The key thing about parody in national politics is that it has to be (a.) funny, and (b.) televised, to have a significant effect. Hence the powerful impact of Tina Fey’s parodies of Sarah Palin. It’s fun to entertain the possibility that Fey may have swung the election for Obama by making Palin a national joke, although Palin probably said enough on her own to swing a bunch of votes to the Democratic ticket.
An important caveat, however, would be that mockery is usually not beneficial coming directly from elected officials themselves, which may be why Sen. Al Franken has curbed his tart-tongued put-downs of wingnut excess. And political humor can backfore, as Ali notes, particularly if it crosses the line into mean-spirited territory.
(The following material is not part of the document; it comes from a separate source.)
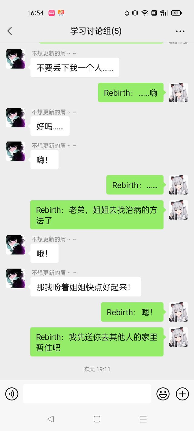 (这是在vx群发生的事情,leak失忆了,作者tinacat忽悠他她是他姐姐,Rebirth是他哥)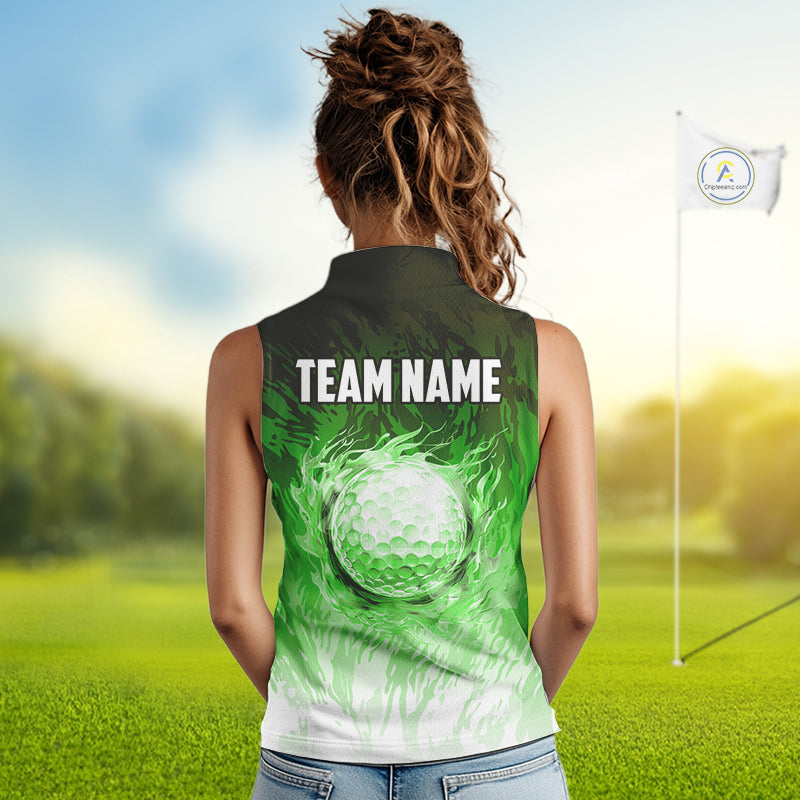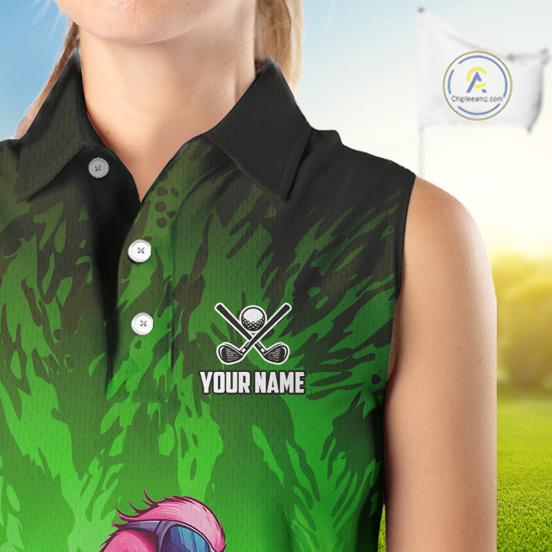 Funny Flamingo Green camo flame golf ball Women Golf Sleeveless Polo Shirt Custom Ladies Golf tops NQS9799

The progressive left may have an advantage in leveraging ridicule, because the right’s rigidity invites it more often than do the ideologues of the left. The late-night talk show hosts generally strive to be even-handed with their political put-downs, and usually have a zinger or two for Democratic leaders. But the right gives them a lot more material.
Perhaps the most clever goofs on Democrats come from the Washington, D.C.-based musical parody group, The Capitol Steps. But the ‘Steps’ also do hilarious skits shredding the right, so Republicans may be reluctant to call too much attention to their performances.
But the cultural right has no satirists of the caliber of Fey, John Stewart, Stephen Colbert or Bill Maher, with the exception of Dennis Miller, now a radio talk show host, who doesn’t get as much TV face time as he used to. Miller is a hawk now, but may be too much of a loose cannon for Republicans to rely on him supporting the rest of their agenda. The ranks of conservative satirists quickly grow thin after him.
The powerhouse right-wing media personalities, such as Bill O’Reilly, Sean Hannity and Rush Limbaugh are not known for their sense of humor, although Glen Beck’s over-the-top theatrics inadvertently provide many parodists with ample — make that a mother lode — of material.
Democrats have a built-in advantage when it comes to using humor in debate and media political coverage. It’s not because Democrats are smarter or more virtuous. It’s because the follies of the right are often so extravagant, that few comedians can afford to ignore them. Dem leaders should give some thought to leveraging this edge in the months ahead.